English amateur rugby league club

Chester Gladiators Rugby League Football Club is a rugby league club in Chester, England. They play in the North West Division of the Rugby League Conference, North West Counties and the North West Merit League.

==History==
===Previous clubs in Chester===

Although Chester is less than 45 minutes drive from rugby league strongholds such as Warrington, Widnes, Wigan and St Helens but rugby league has traditionally failed to capture the imagination of locals and the sport struggled to maintain a place in the city's sporting calendar.

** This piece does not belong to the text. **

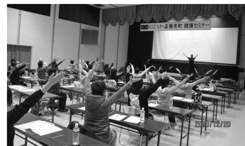
RIZAP 養老町健康セミナー

答 町からの委託事業でスポーツマックス養老を会場に運動教室を開設しており、講座や教室の内容について検討を働きかけていく。
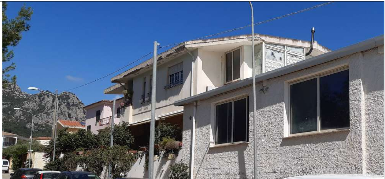
2. Vista appartamento al piano 1° da via A. Volta

The most notable attempt at developing the game in Chester was when Chester Wolves entered the Rugby League Conference in 1998. They were crowned champions the following season, after a Grand Final victory over Crawley Jets. Unfortunately, the club were unable to build on this early success.

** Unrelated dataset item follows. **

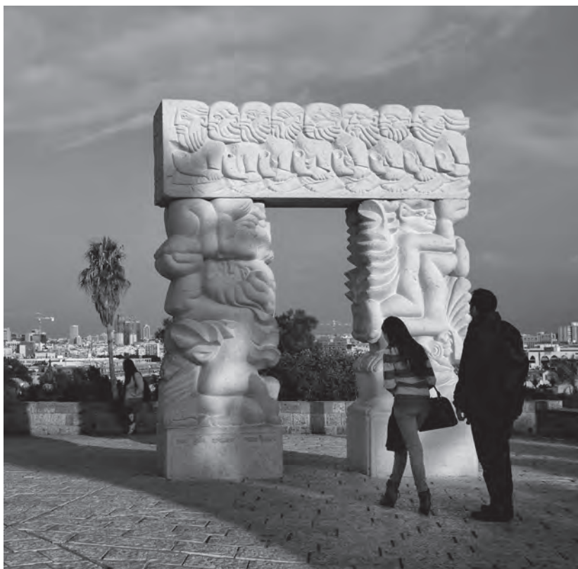
Brána víry, historické sídlo Jaffa, Izrael.

In 2005, the Chester Wolves name returned to the Conference after Widnes based club West Bank Bears played under this name. However, this venture failed to capture local interest and the club left the Rugby League Conference for a second time at the end of the 2006 season.

===Chester Gladiators===

A new side, Chester Gladiators Rugby League Football Club, was formed in April 2008 by a group of enthusiasts who shared a belief that the sport could prosper in the area.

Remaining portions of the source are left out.